Low Confidence on a Correct Transcript

An unusual name or term the model encounters for the first time receives low confidence — the model hesitates. But even while hesitating, the model may select the correct variant because it is phonetically closest. Low confidence ≠ incorrect transcript. It is a signal of model uncertainty, not a guarantee of error.

A strong accent or noise in the recording increases model uncertainty without direct correlation to error rate — the model may correctly transcribe even at low confidence if the correct word has no close phonetic competitor.

How to Use Confidence Score Practically

Prioritizing Edits

The most practical use: set a threshold (for example confidence < 0.65 or < 0.70) and flag words below this threshold as candidates for manual verification. The editor focuses on these locations instead of reading through the entire transcript.

Result: editing an hour-long recording is reduced from sequential reading of the full text to checking flagged locations — dozens or hundreds of words instead of thousands. Time saved depends on the confidence distribution in the given recording.
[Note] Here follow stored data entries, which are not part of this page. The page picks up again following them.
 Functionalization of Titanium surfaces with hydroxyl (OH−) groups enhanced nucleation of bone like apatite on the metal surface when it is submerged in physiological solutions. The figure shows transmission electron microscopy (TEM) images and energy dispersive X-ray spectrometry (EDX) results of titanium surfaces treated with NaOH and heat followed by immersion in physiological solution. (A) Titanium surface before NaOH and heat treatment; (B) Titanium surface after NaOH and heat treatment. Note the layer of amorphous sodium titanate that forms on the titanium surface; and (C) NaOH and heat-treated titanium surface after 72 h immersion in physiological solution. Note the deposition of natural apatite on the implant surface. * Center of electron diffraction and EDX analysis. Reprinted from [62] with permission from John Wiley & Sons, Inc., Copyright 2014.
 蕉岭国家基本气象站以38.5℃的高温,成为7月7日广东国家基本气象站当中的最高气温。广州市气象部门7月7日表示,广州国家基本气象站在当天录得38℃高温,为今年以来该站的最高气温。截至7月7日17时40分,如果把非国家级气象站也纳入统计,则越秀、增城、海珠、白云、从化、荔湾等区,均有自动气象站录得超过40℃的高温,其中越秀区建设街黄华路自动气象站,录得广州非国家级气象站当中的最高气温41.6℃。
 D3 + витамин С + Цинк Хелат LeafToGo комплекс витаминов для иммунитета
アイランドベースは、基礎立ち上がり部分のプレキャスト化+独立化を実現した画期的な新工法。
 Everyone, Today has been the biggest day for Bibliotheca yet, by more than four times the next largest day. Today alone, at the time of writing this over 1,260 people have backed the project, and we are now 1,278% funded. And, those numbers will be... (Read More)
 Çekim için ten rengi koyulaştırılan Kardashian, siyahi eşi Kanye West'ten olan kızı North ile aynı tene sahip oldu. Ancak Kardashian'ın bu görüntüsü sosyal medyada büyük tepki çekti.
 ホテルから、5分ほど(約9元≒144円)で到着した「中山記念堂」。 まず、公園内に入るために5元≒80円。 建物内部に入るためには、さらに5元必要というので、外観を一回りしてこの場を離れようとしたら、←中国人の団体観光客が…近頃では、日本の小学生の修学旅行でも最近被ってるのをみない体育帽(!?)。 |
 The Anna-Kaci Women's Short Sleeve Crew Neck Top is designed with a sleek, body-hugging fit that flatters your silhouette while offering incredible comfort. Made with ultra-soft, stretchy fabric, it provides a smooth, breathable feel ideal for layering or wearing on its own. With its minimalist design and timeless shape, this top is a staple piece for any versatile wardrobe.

Note: the threshold must be set empirically for the specific recording type and specific model. A threshold of 0.65 on a recording from a professional studio will flag a different volume of words than the same threshold on a telephone call recording.

Input for Model Combining

In the ensemble approach — where multiple models process the same recording — the confidence score serves as input for the decision algorithm. Weighted voting: the model with a systematically higher average confidence gets greater weight in voting. Per-word selection: for each word, the variant with the highest confidence across all models is selected.
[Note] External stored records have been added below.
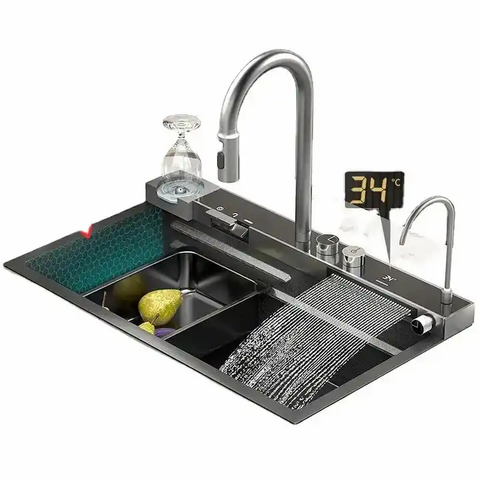 キッチンシンクセット新デザイン多機能ステンレス鋼キッチンシンク黒滝降雨シングルボウルキッチンシンク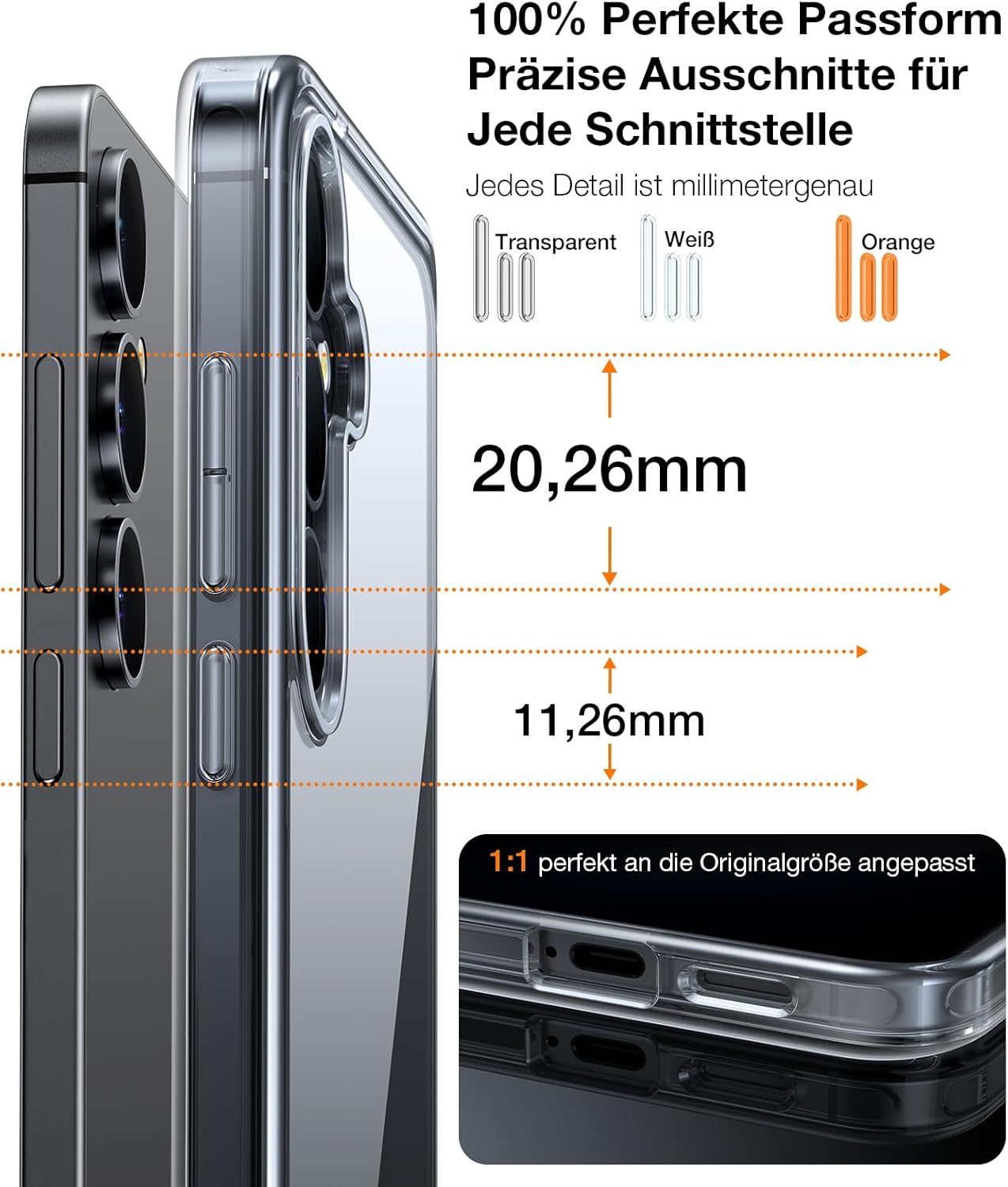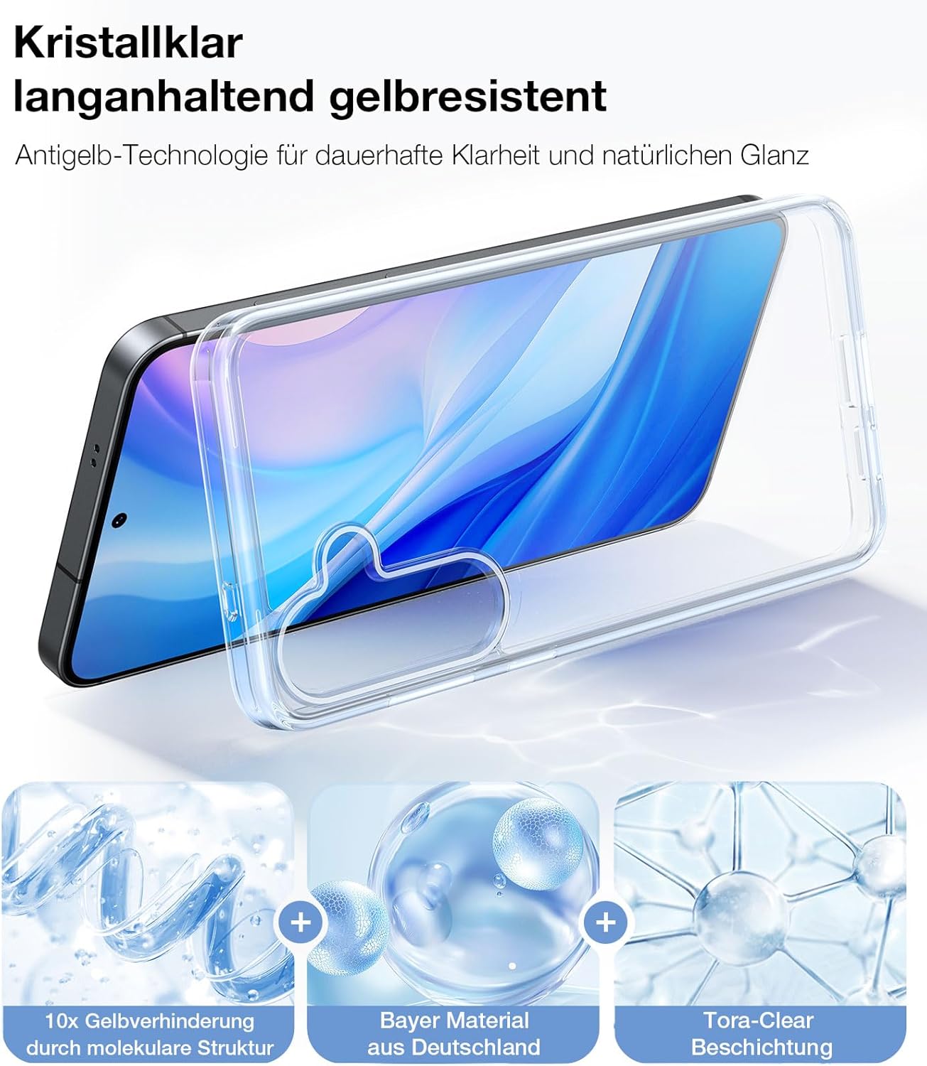 Кейс TORRAS за Samsung Galaxy S25, 100% против пожълтяване [Най-висока военна защита и луксозно усещане при допир] с 360° въздушни възглавници, удароустойчив, устойчив на надраскване калъф за мобилен телефон, калъф за Samsung S25,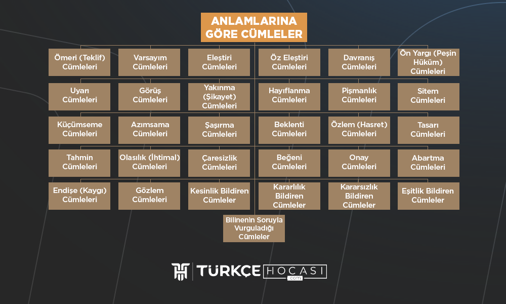 Taşıdığı anlama göre cümleleri otuz bir başlık altında inceleyebiliriz:

Limitation: incomparability of confidence between models. Different engines scale values differently. Comparison requires normalization or calibration to a common scale — otherwise a model with more aggressive scaling will systematically dominate voting regardless of actual accuracy. See A13.

Rough Quality Metric for the Recording

The average confidence score of the entire transcript serves as a rough proxy for recording quality: a low average suggests a recording with problems — noise, overlaps, accents, or unknown terminology. This information helps decide whether to pre-process the recording (denoise, normalize levels) or accept a higher volume of editing as a given.
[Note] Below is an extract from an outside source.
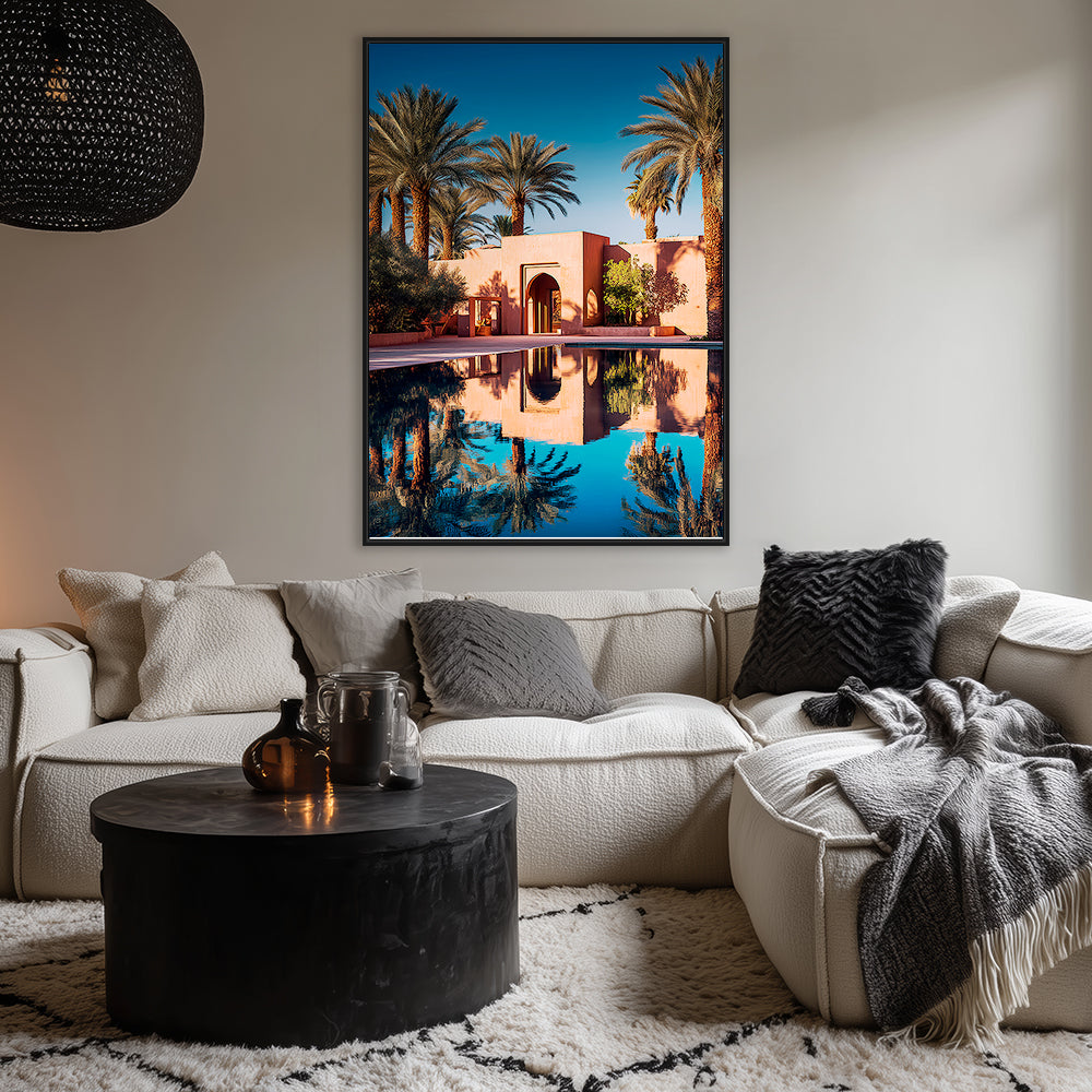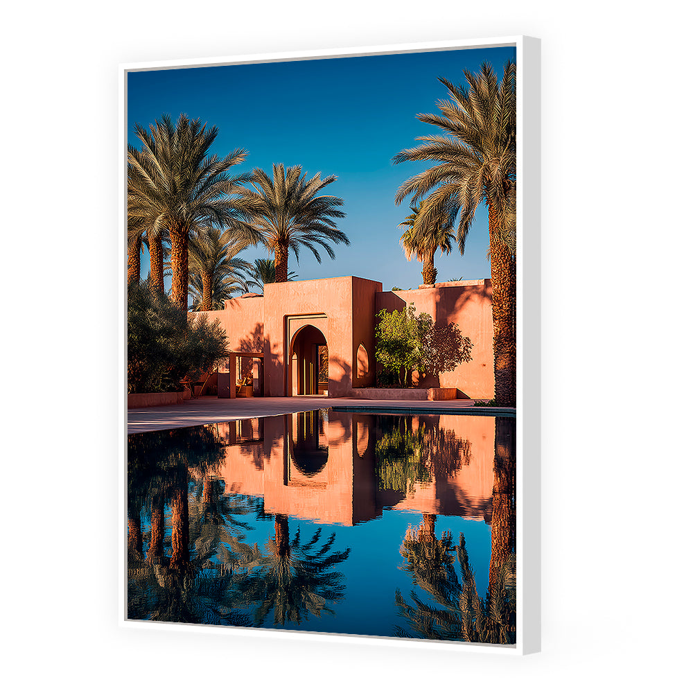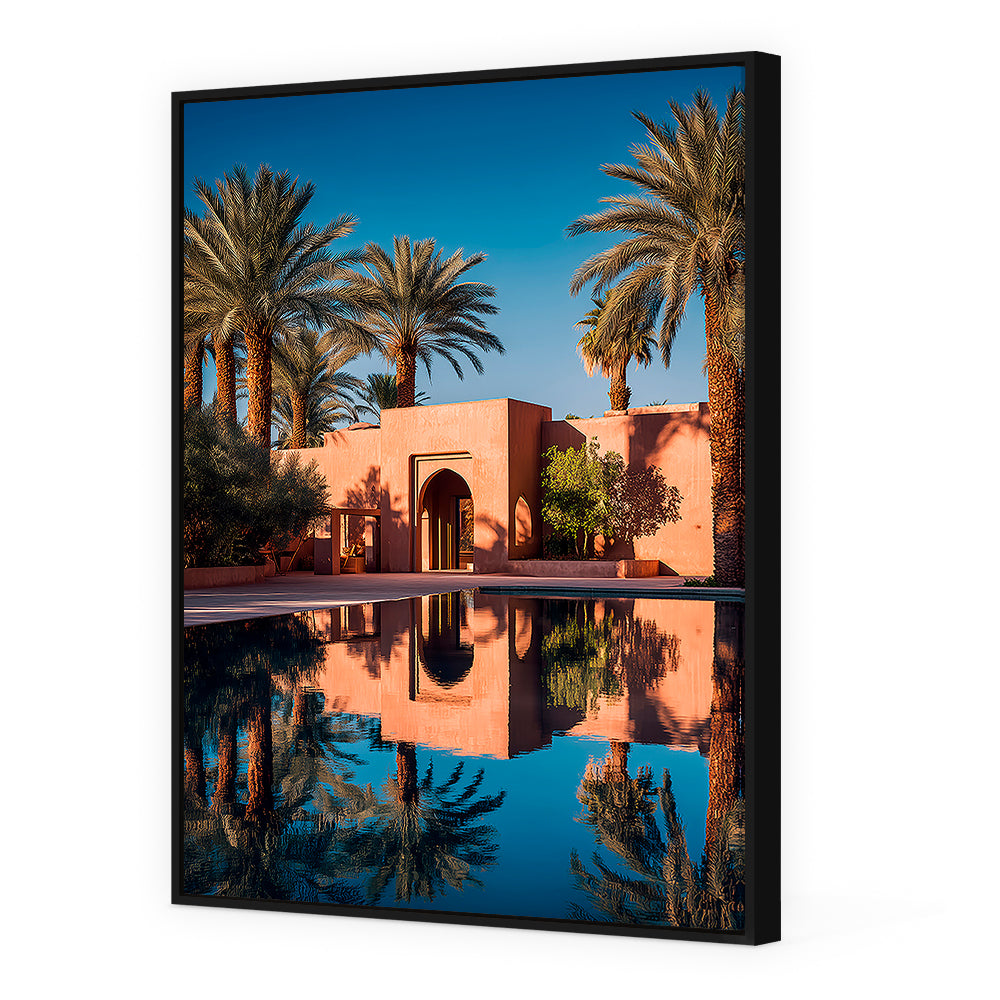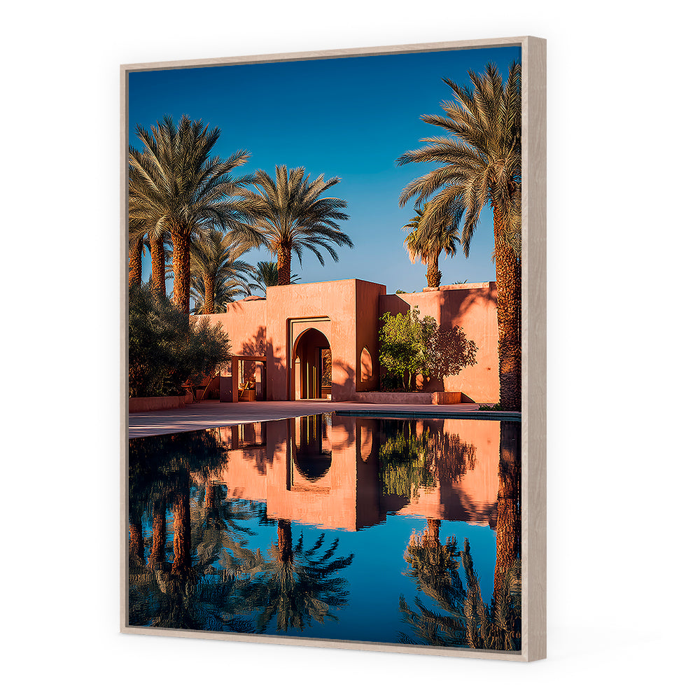 Oasis sereine avec palmiers et reflets captivants, évoquant la tranquillité du désert.

What Confidence Score Does Not Tell You

Factual correctness of a statement: "Sea levels have fallen by 300 meters over the last hundred years." The model transcribes this with high confidence even though it is factually wrong. The model transcribes audio; it does not evaluate content.

Grammatical correctness in context: per-word confidence evaluates individual words, not their syntactic relationships. A sentence may be phonetically transcribed correctly yet grammatically nonsensical in a specific context.

Semantic meaning: correctly transcribed words in the wrong order or combination may be nonsensical. Confidence does not catch this.

Incomparability between models is practically important: confidence 0.9 from one engine does not equal confidence 0.9 from another. Each model has its own scaling and calibration. Comparing models by raw confidence values is methodologically flawed.

Sources

Guo, C. et al. (2017). On Calibration of Modern Neural Networks. Proceedings of the 34th International Conference on Machine Learning (ICML 2017).
Deepgram documentation — confidence score. https://developers.deepgram.com/docs/pre-recorded-audio
AssemblyAI documentation — confidence score calculation. https://www.assemblyai.com/docs/faq/how-are-word-transcript-level-confidence-scores-calculated

How confidence score feeds into combining results from multiple models is described in the ensemble approach overview A13. Overall accuracy metrics — WER and CER — complement confidence score as a system-level view A07.